***** DATASET RECORDS *****

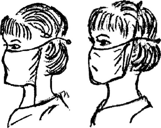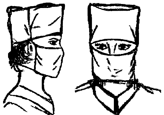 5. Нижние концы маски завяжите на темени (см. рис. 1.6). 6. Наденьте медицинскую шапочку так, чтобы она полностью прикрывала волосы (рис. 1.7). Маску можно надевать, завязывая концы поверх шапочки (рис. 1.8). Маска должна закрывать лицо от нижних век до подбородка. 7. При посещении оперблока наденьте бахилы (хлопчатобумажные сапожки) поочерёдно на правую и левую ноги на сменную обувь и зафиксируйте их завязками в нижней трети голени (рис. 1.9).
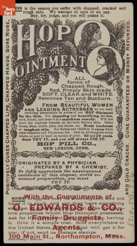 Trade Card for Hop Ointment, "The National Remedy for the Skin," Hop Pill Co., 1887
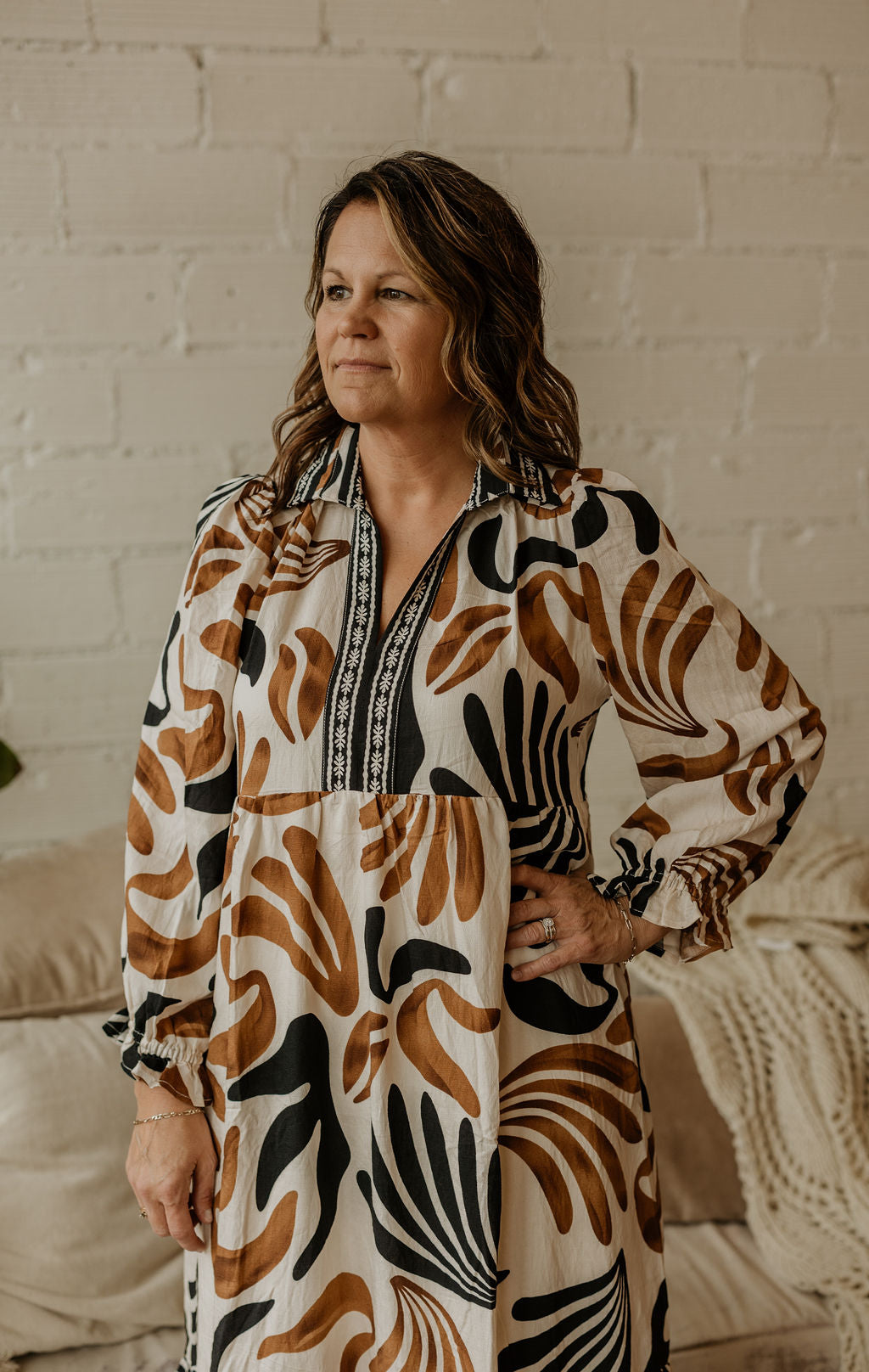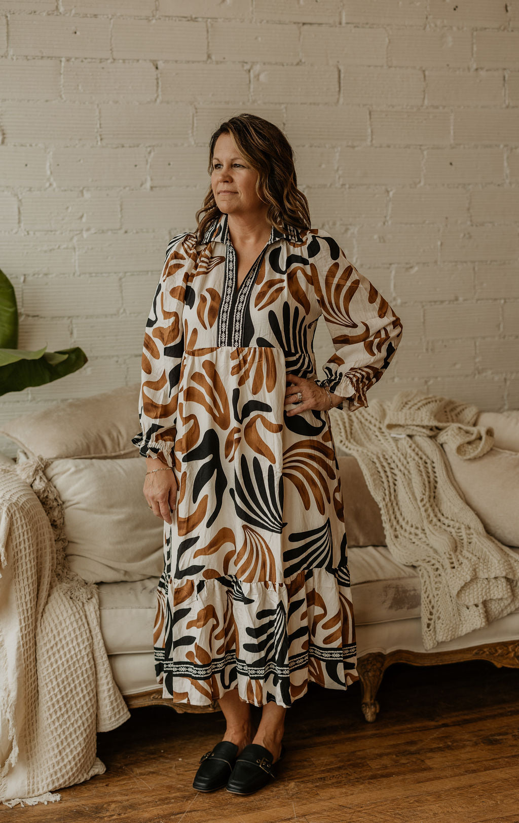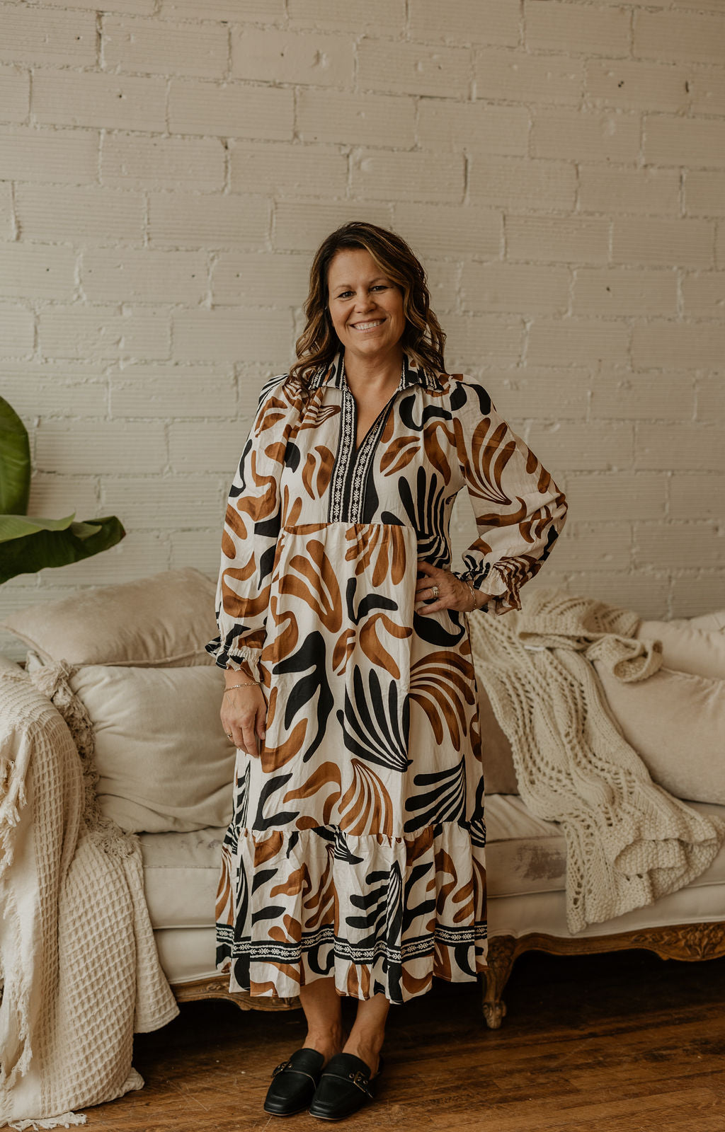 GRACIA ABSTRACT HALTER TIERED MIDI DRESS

*****
***** DATASET RECORDS *****

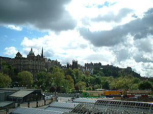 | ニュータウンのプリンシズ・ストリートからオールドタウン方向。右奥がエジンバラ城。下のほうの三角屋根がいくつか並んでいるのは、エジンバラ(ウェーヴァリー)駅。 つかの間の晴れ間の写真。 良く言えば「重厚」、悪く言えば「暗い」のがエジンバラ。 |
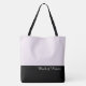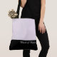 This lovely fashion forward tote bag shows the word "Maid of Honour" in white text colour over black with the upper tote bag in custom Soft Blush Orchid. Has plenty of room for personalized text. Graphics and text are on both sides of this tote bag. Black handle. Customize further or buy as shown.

*****
***** DATASET RECORDS *****

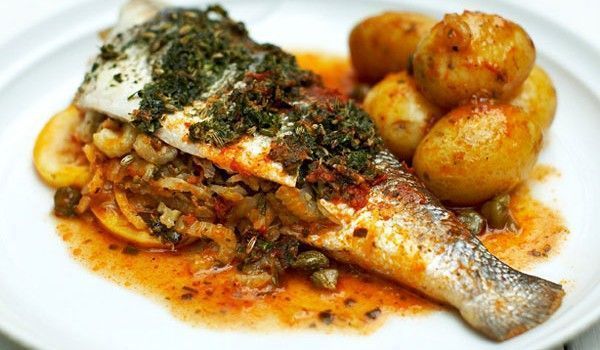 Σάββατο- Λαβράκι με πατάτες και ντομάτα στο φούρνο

*****

[PROBLEM REQUIREMENTS]
In the data above, find the line containing "つかの間の晴れ間の写真。 良く言えば「重厚」、悪く言えば「暗い」のがエジンバラ。 |" and the line containing "This lovely fashion". Repeat those two lines and everything between them exactly, minus the pictures.

[TASK RESPONSE]
 | ニュータウンのプリンシズ・ストリートからオールドタウン方向。右奥がエジンバラ城。下のほうの三角屋根がいくつか並んでいるのは、エジンバラ(ウェーヴァリー)駅。 つかの間の晴れ間の写真。 良く言えば「重厚」、悪く言えば「暗い」のがエジンバラ。 |
 This lovely fashion forward tote bag shows the word "Maid of Honour" in white text colour over black with the upper tote bag in custom Soft Blush Orchid. Has plenty of room for personalized text. Graphics and text are on both sides of this tote bag. Black handle. Customize further or buy as shown.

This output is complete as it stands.